One of the biggest lessons I learned from that was “You always have time for the things you make time for.” Thirty minutes I spent dithering on the computer could be spent running. Time in front of the tv could easily be active.
The same applies to your family dinner- “you have time for the things you make time for.”
Pick a time after which you will NOT be disturbed by work or other activity. If that’s too much, pick just one night a week. Keep it open for family dinner, and keep it sacred.
That sounds dramatic, but it really is what you need to do- make that time or that night special, to yourself and the ones you love.
It can be a homecooked family dinner right out a Norman Rockwell painting- or just swinging by a friends place with Chinese take-out.
It’s not hard, or even a really big ask- but it can mean the world.
You don’t need to cook well- or even at all. You just need to BE THERE.

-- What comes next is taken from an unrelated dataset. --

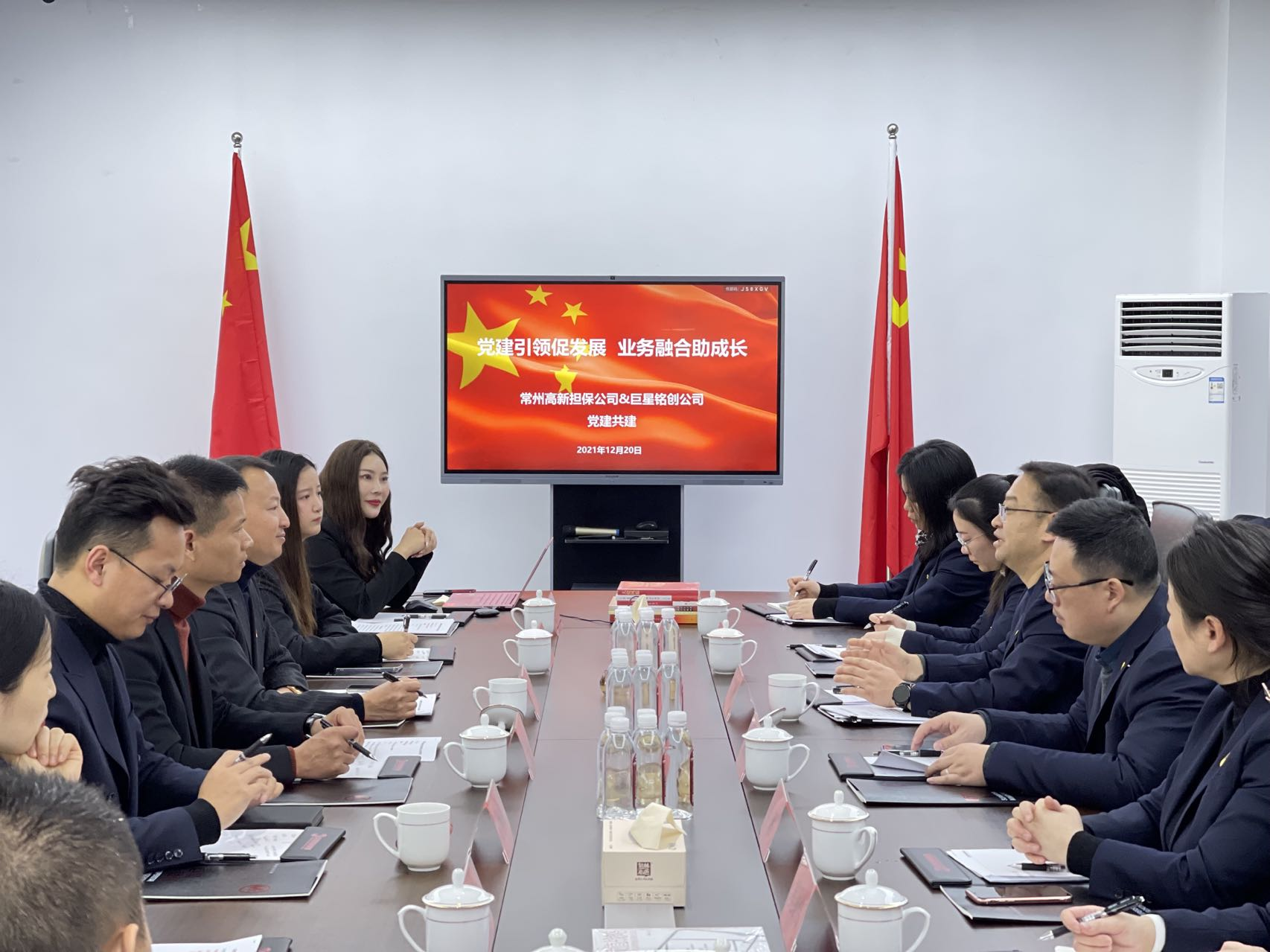 12月20日,常州高新?lián)9窘M織常州分公司、武進擔保公司有關(guān)人員,深入常州巨星銘創(chuàng)公司走訪調(diào)研,開展黨建共建活動。

Be there to witness- to listen, to laugh, and to tell.
Be there to love the people you love- they will know.
It’s not that hard at all- and it’s worth it.
Stay Classy,
Where You Find Them
It’s 5:15 in the morning. My alarm just went off, but I was up at 4… and at 2.
Since coming home from the wedding, Emily and I decided that for the first few months of 2017, all we wanted in the world was to be boring. No sudden moves. No job changes and hunts. No weddings, no big events, no nothing. For just a few months, all we wanted to do was wake up, go to work, come home, maybe eat out every now and again, and catch our breath after the last year and a half.
Things keep changing though, and the world comes knocking.
“Things change.”
Since I was a kid, I loved folk stories and legends. One of my favorites was a story about the Magic Ring of Solomon. In short, the famous Biblical king seeks to humble an overly-proud servant of his by giving him an impossible quest: finding a magic ring that will make a happy man sad and a sad man happy. The legendarily wise king is astonished when the servant returns, claiming to have succeeded. The ring is a plain silver band, with the Hebrew for “This too shall pass” engraved on it. Immediately, the king realizes all his riches and success will one day be ashes, but that a man NOT fortunate enough to be king would take the message as a promise of good things to come.
According to the legend, Solomon rewards his servant handsomely, takes the “magic” ring, and it gives him balance and wisdom the rest of his life.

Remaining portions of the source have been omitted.